Isso faz com que o jogador tome parte nos atos maléficos da Ellen, e se sinta um pouco responsável por eles, e impotente por não poder ajudar a Viola. Aliás, vasculhando a internet, eu achei muitos e muitos depoimentos de gente que não gostou do jogo porque não havia um final em que a Viola poderia ser salva. O único final aceitável seria o da ignorância, em que a identidade da menina não se revela. Mas, se você conhece a história do jogo, você sabe que ela é a Ellen desde o início. É um dos maiores casos de impotência da história dos jogos, talvez superior em execução a Gone Home.

E essa é uma comparação interessante que eu queria continuar fazendo: Gone Home é uma obra importante porque joga justamente com o fato de que a protagonista não tem como mudar a situação da irmã – no fundo, a experiência do jogo é apenas um esforço para entender uma história; no final, nada foi alterado.

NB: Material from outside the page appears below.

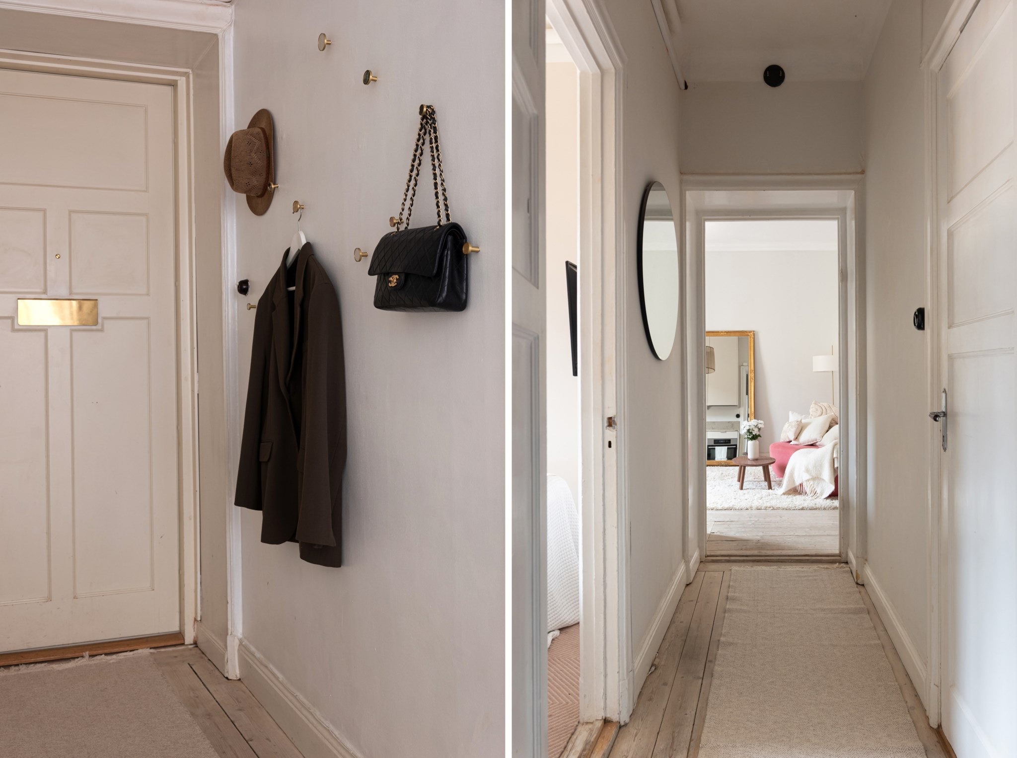 Välkomnande hall med plats för avhängning och mindre avlastningsmöblemang efter önskemål. Ytskikten består av ljusa väggar och ljust trägolv.
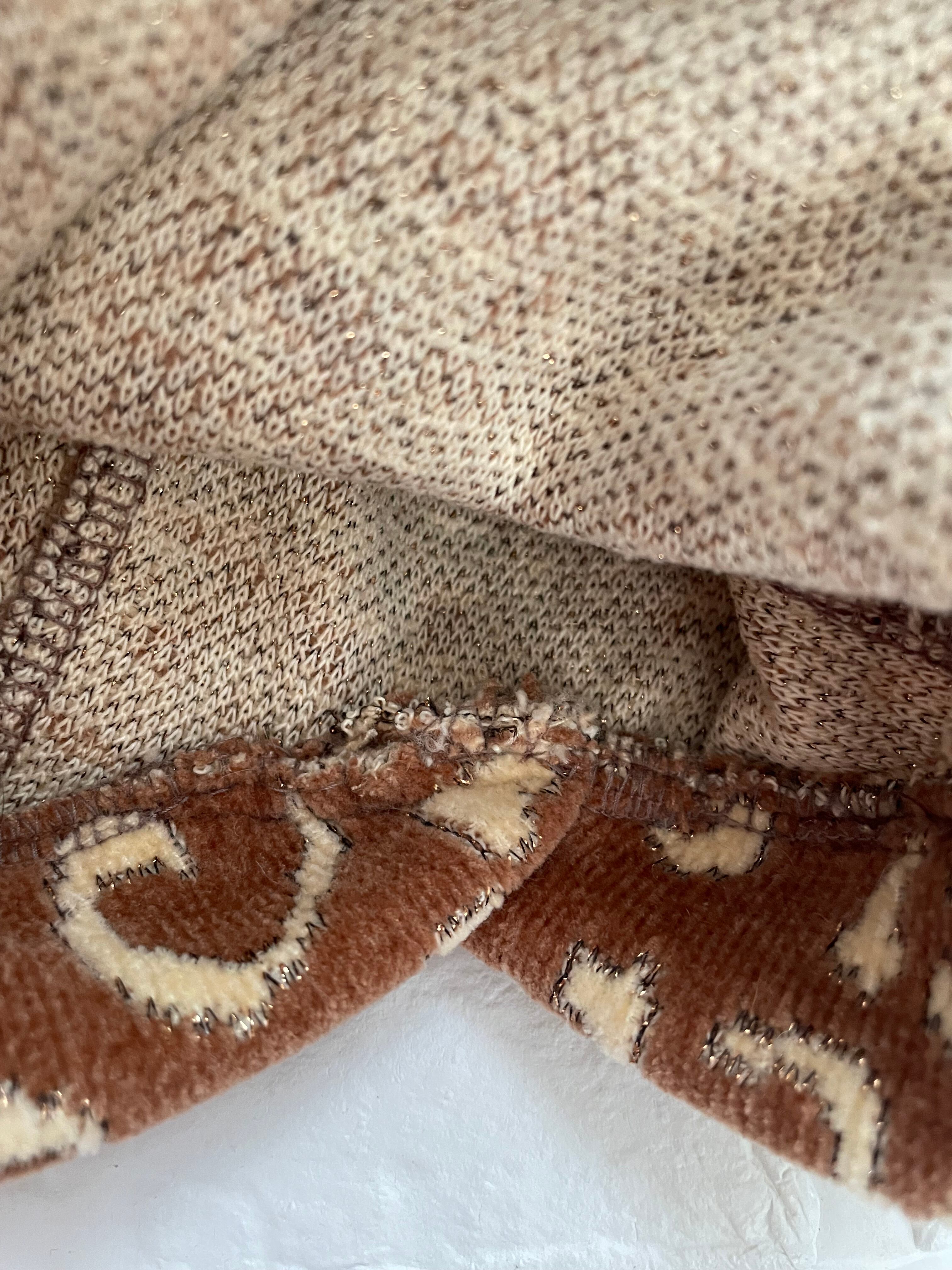 ベロア調の生地に、金色の糸でがレオパード柄の周りを囲んであり、高級感溢れる珍しいレオパード柄のニット生地です。

The Witch’s House segue uma tendência completamente oposta, mas alcançando efeito parecido. Em vez das ações da menina serem inúteis, elas são as responsáveis por levar o jogador ao efeito exatamente oposto ao que ele queria, que era salvar a menina. Isso faz o jogador se sentir algo enganado, traído e impotente.

Mas, o jogo não enganou ninguém; as pistas estavam todas lá desde o início, mas fazem sentido só no final. O jogador se engajou no mal apenas porque seguiu o seu impulso de sair resolvendo problemas sem saber exatamente porque estava fazendo isso – apenas porque é isso que se faz num jogo. Seria algo semelhante a pegar um livro e ler, colocar um filme no aparelho de DVD e dar play, etc.

A diferença é que video games são uma mídia interativa, elas simulam decisão e uma posição ativa da parte do consumidor da experiência, e o que o jogo está dizendo é que isso deveria implicar uma maior consciência da parte do jogador. O raciocínio não deve se limitar apenas a decidir qual é a ação mais vantajosa, e sim se o próprio impulso de agir sem conhecer a situação é algo ético ou não.


The Witch’s House é como um manifesto que pede um jogador diferente, alguém que não esteja apenas predisposto a seguir as regras que o jogo dá, ou a viver estritamente como lhe ensinam. Com esse tipo de jogador, talvez nós tenhamos jogos diferentes, que permitam um nível de decisão ainda mais profundo, e um mundo de pessoas que prezem mais pela reflexão. Do contrário, nós continuaremos sendo enganados pela Ellen, como a Viola e todo jogador de The Witch’s House acaba sendo. É um jogo que expõe uma consequência funesta do impulso ativo que todo jogador tem.